Feature post Fitness Front Wellness

SLB Spotlight: Fitness Expert Chris Freytag

Chris Freytag shares her fitness tips

Former host of NBC’s ‘Motivational Mondays’ tells us what she’s learned along the way

Meet Chris!

Chris Freytag is a certified personal trainer, TV personality, author and motivational speaker. She has been sharing the message of healthy living for 30 years while teaching fitness classes, writing books, creating workouts and sharing her knowledge in magazines and online. She is the founder of Get Healthy U,  a free website with fitness and nutrition advice, as well as Get Healthy U TV, which is a workout streaming service where members can stream workouts from any device, at any time.  Smart Lifebites fans are familiar with Chris. We’ve featured her  10-Minute Total Body Firm Up Workout.  She also did a nutrition segment in which she explained what the added sugars in Halloween, Fun-Sized Candy Bars  do to your body. Most recently, she showed us how to do a 10-Minute Foam Rolling Recovery

You teach 5 live group fitness classes a week at LifeTime. How do you keep it fresh and your class energized about your workouts? 

I am an extrovert and I love the energy of groups; that’s what keeps me going. Some people have been coming to my class for two decades. I like variety and I’m constantly trying to change up workouts to make them interesting, no matter if it’s a total body workout or kickboxing. 

Tell us a little about the 14 years you did Motivation Mondays, a weekly morning segment on NBC 11 KARE in Minnesota? What was that like?

I’d suggested a news health segment to the local NBC station after I’d see I’d seen it on the Today Show. I came up with the segments on topics such as how to eat healthier, how to move your body and other newsworthy trends in health and fitness. I always love broadcasting and sharing my message of health and fitness.  

Have you changed your workout emphasis over the years–changing the ratio on cardio to strength training as you’ve gotten older? And if so what do you recommend for others as they age? 
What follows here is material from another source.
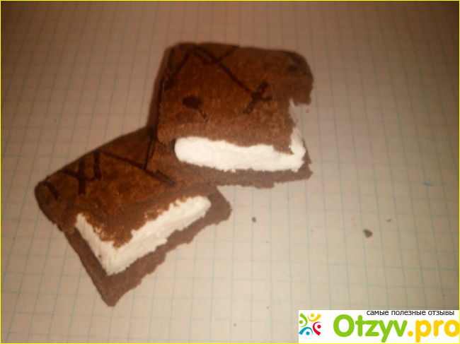 Довольно неплохим оказался вкус. Нет тех признаков, что меня не устраивали в тех десертах, что пробовала раньше. Во-первых, нет химического привкуса, ощущения синтетики. Я точно не уловила. Во-вторых, в бисквите нет той резиновости, что зачастую присутствует в подобных изделиях. Верхние слои очень нежные, легко сжимаются даже под пальцами, тем более, при откусывании. Шоколадный вкус присутствует. Прослойка тоже вкусная, нежная. Сладость в норме, неприторно. А все вместе можно определить как тающий во рту десерт.

Being in my 50s, I’m definitely more aware of recovery. I still love high-impact workouts, but I’m aware of adding in more low impact. My workouts have changed from 20 years ago when there wasn’t cardio and strength  together. Now group classes are very strength-oriented. For instance, 20 years ago at LifeTime, there were only 5 lbs and 8 lbs. weights in classes, now there’s 15 lbs., and more in classes. 

Favorite cardio, and why? Kickboxing. I find it to be so stress relieving. You get your heart rate up and iIt’s fun and rhythmic.
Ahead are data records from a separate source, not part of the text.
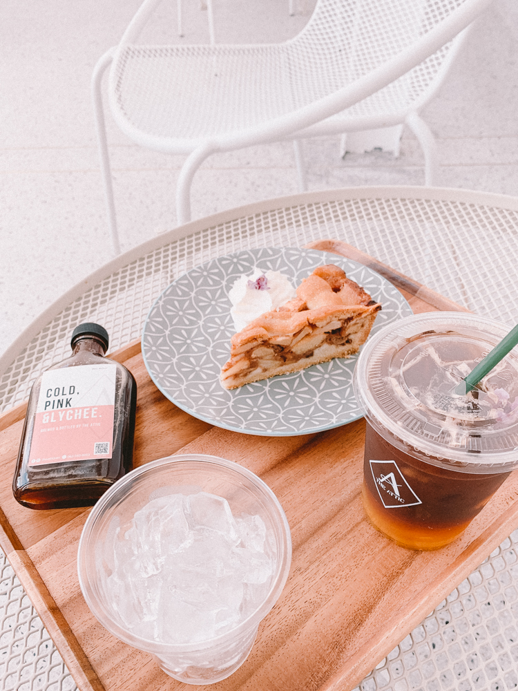 The drink menu has a lot to choose from, both Non-Coffee and Coffee drinks. In addition, we loved their bakery menu. The cakes were delicious looking and we were told they are baked fresh every day… Of course, we couldn’t resist and get apple pie that turned to be amazing! We also had lychee cold brew coffee and iced yuzu coffee, both choices weren’t something we usually get but we loved our drinks even coffee here is a bit too soft for us.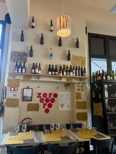 Les bouteilles peuvent être bues sur place ou à emporter (les 2 prix sont sur les bouteilles), la cuisine est du patron (tenter le « Pancia di maiale, anacardi e cavolo cappuccio »), et -10% à qui laisse son téléphone sous la cloche pendant le repas.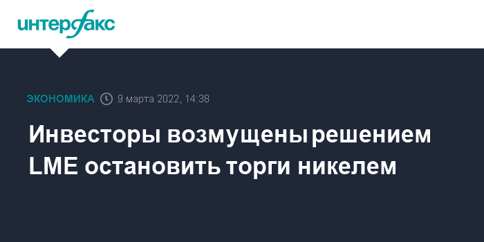 Москва. 9 марта. INTERFAX.RU - Трейдеры и инвесторы возмущены решением Лондонской биржи металлов (LME) приостановить торги никелем и отменить ряд уже совершенных сделок с металлом.

Least favorite cardio, and why?

I hate swimming–probably because I hate being alone when I work out. 

At what age do you recall fitness becoming important to you and why? Did you have a role model? 

I always loved being active and participated in sports in school, but I wasn’t doing it as a workout. Back in the ‘70s, you might go running, but nobody was going to the gym. I got started with Jane Fonda. I loved that whole fitness craze and it was then I realized this is totally my thing. 

Describe a typical day in terms of how you build a workout routine into it. 

I start the day with an early morning–usually a 5:30 a.m. workout. I started this routine because I was raising a family and working full-time, and it was the only time I could be consistent. After that I run an online business and am online all day. Working out that early clears my head and works best for my schedule. But do what’s best for you and your body. 

Favorite Workout tunes: I love music with a driving beat. I’m one of those people who stays up with the music world–my son is a musician–so I like to play current tracks. 

You allude to the fact that working out all the time isn’t realistic. Do you have any recommendations for how people can maintain balance? 

I always tell people: “It’s not what you do once, it’s about consistency.” We’re such a black and white society. Maybe you have a goal to work out  5 days a week, but keeping it to a perfect schedule isn’t realistic. You have to allow yourself the grace to miss some workouts. It’s about the consistency of working out over the course of a year and if you make it a habit, then falling off the horse is not going to be as overwhelming to get back into a routine.